= Beginning of Section =
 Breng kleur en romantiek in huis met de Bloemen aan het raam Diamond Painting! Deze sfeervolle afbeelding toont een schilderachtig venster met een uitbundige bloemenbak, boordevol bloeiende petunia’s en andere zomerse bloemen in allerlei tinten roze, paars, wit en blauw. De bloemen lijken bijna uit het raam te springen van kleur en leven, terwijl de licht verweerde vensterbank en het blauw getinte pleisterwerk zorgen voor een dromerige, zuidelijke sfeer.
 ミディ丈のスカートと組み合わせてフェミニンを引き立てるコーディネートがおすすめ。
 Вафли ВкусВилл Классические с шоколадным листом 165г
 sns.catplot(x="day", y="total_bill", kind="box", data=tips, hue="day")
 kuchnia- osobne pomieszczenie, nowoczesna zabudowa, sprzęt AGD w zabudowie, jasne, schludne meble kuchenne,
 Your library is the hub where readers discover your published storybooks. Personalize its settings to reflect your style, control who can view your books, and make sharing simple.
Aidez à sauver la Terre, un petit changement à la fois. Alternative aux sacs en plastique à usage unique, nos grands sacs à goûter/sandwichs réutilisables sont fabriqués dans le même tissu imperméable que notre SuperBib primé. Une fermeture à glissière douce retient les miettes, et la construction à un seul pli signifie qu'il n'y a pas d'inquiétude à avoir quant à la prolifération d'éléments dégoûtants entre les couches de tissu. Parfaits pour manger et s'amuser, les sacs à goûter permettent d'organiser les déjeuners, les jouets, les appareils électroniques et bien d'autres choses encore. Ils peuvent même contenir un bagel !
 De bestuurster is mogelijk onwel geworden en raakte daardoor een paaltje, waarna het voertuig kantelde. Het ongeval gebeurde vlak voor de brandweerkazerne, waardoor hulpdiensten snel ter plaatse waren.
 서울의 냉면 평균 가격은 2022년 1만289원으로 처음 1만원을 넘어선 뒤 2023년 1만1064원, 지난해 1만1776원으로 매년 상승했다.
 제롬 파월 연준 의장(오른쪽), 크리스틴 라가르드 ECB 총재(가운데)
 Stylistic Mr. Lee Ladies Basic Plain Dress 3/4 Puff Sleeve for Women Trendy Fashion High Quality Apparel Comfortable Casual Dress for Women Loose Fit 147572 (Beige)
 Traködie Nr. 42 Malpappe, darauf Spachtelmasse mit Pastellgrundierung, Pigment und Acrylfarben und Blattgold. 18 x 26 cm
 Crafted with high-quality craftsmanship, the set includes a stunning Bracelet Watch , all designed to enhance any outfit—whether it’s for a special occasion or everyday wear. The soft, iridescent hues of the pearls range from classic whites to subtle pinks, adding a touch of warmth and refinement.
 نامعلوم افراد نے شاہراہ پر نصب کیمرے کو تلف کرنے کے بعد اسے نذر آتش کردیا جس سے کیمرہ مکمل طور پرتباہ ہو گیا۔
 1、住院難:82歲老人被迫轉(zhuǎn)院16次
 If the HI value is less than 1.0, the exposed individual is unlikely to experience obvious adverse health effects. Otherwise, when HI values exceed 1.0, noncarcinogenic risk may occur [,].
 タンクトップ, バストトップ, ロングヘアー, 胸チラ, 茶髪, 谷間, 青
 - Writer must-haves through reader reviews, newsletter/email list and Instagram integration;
= End of Section =
### Task to carry out:
Each line of the entries above that has the word "voor" is to be copied.

### Output of the task:
 Breng kleur en romantiek in huis met de Bloemen aan het raam Diamond Painting! Deze sfeervolle afbeelding toont een schilderachtig venster met een uitbundige bloemenbak, boordevol bloeiende petunia’s en andere zomerse bloemen in allerlei tinten roze, paars, wit en blauw. De bloemen lijken bijna uit het raam te springen van kleur en leven, terwijl de licht verweerde vensterbank en het blauw getinte pleisterwerk zorgen voor een dromerige, zuidelijke sfeer.
 De bestuurster is mogelijk onwel geworden en raakte daardoor een paaltje, waarna het voertuig kantelde. Het ongeval gebeurde vlak voor de brandweerkazerne, waardoor hulpdiensten snel ter plaatse waren.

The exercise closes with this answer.